The first time I met the surfboard shaper Terry Martin, he was wearing frayed khaki shorts, a paint-splattered tee shirt, and fur-lined Ugg boots. His movements were loose and energetic. His voice and facial expression revealed a sort of “aww shucks” optimism. In short, he oozed that patented SoCal surf stoke that outsiders can never quite wrap their heads around; the Golden Retriever eagerness that East Coasters sometimes perceive as insincere, shallow, or even fake.
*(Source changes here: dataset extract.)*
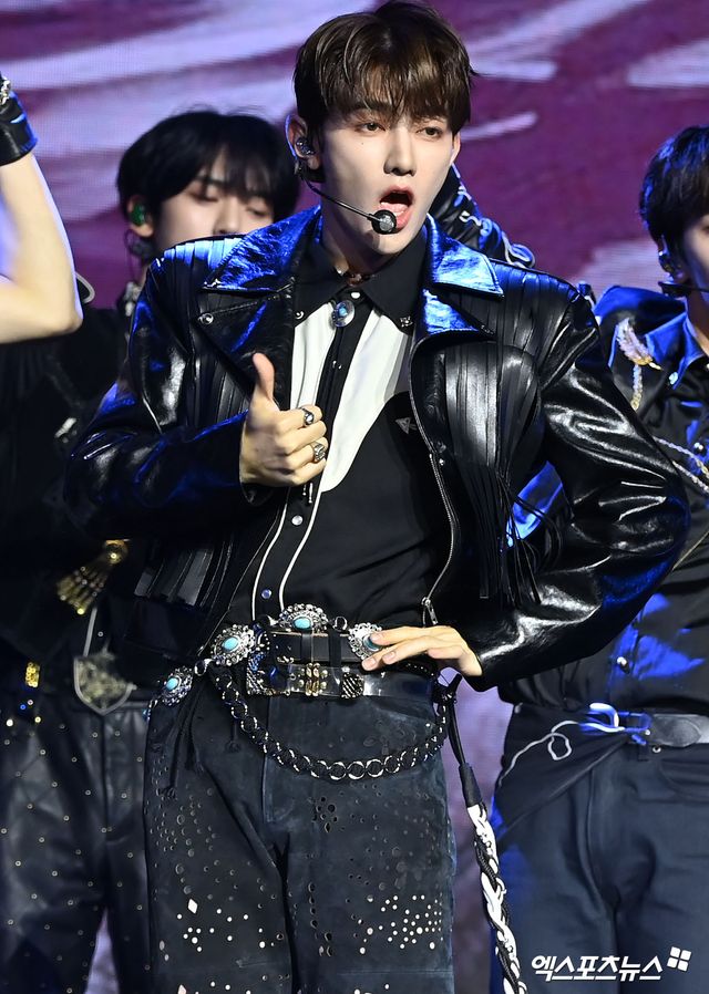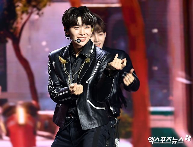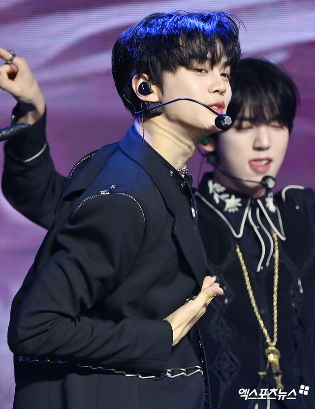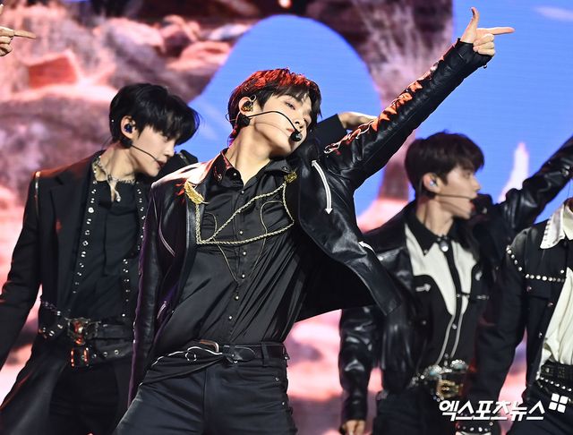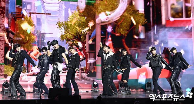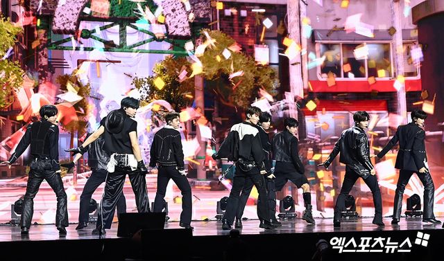 이날 쇼케이스에 참석한 제로베이스원이 멋진 공연을 선보이고 있다.

But the man I met was the opposite of those things. He was perhaps the most sincere person I’ve ever known — in love with the surfer’s quest for the perfect ride in a way that might read like a Hollywood cliché, if it weren’t so grounded in history. Because Terry Martin was not a copy of some extra on Gidget. He was a true original. The most genuine of genuine articles.
“I’m still as excited about your board as I was about the first one I made, when I was 14,” he told me that day. “I can’t wait for you to get out in the water, then you gotta come back and tell me how it went.”
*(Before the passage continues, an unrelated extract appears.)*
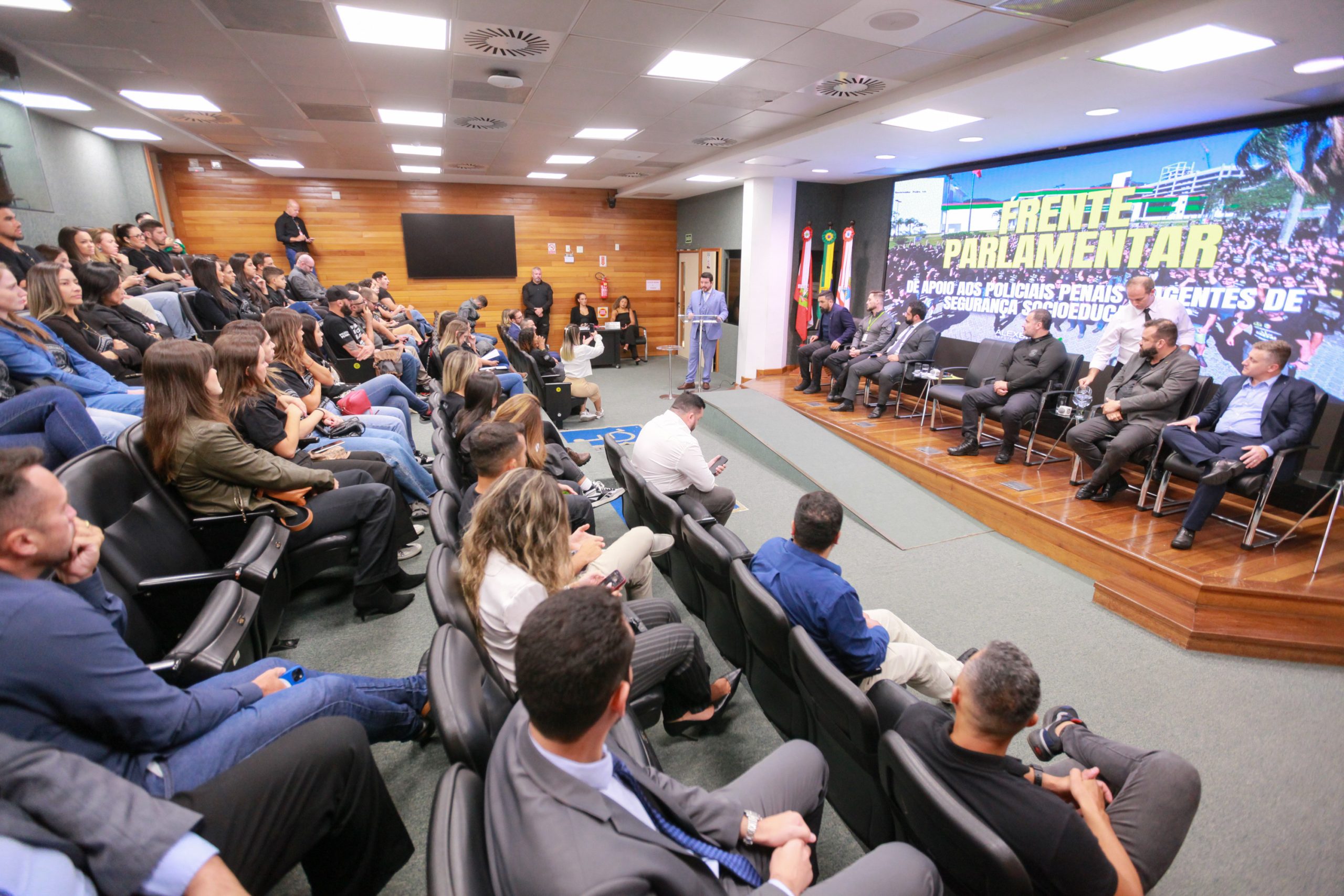 A Assembleia Legislativa de Santa Catarina instituiu, na noite de quarta-feira (30), a Frente Parlamentar de Apoio aos Policiais Penais e Agentes de Segurança Socioeducativos. A iniciativa visa promover debates e ações voltadas à valorização desses profissionais, com foco nas condições de trabalho, remuneração e reestruturação dos planos de carreira. O lançamento da frente ocorreu no Plenarinho Deputado Paulo Stuart Wright e contou com a presença de parlamentares, representantes da Secretaria de Estado de Justiça e Reintegração Social, lideranças das categorias e servidores públicos.

Martin was 68-years-old when we had that conversation, at the tail end of a historic career. He’d made more surfboards than anyone in history, for just about every surfer on earth, and ridden out every rogue wave the industry could throw at him. He was the John Henry of the sport — making boards by hand when the big brands turned to cheap, machine-cut products, then outlasting those machines as the industry slowly pivoted back to its artisanal roots.
Estimates put Martin’s career output at 80,000 boards. For what it’s worth, everyone I know feels like that’s undershooting the number. Still, he maintained a certain energy — a passion for his craft that’s woefully rare after so long in any industry.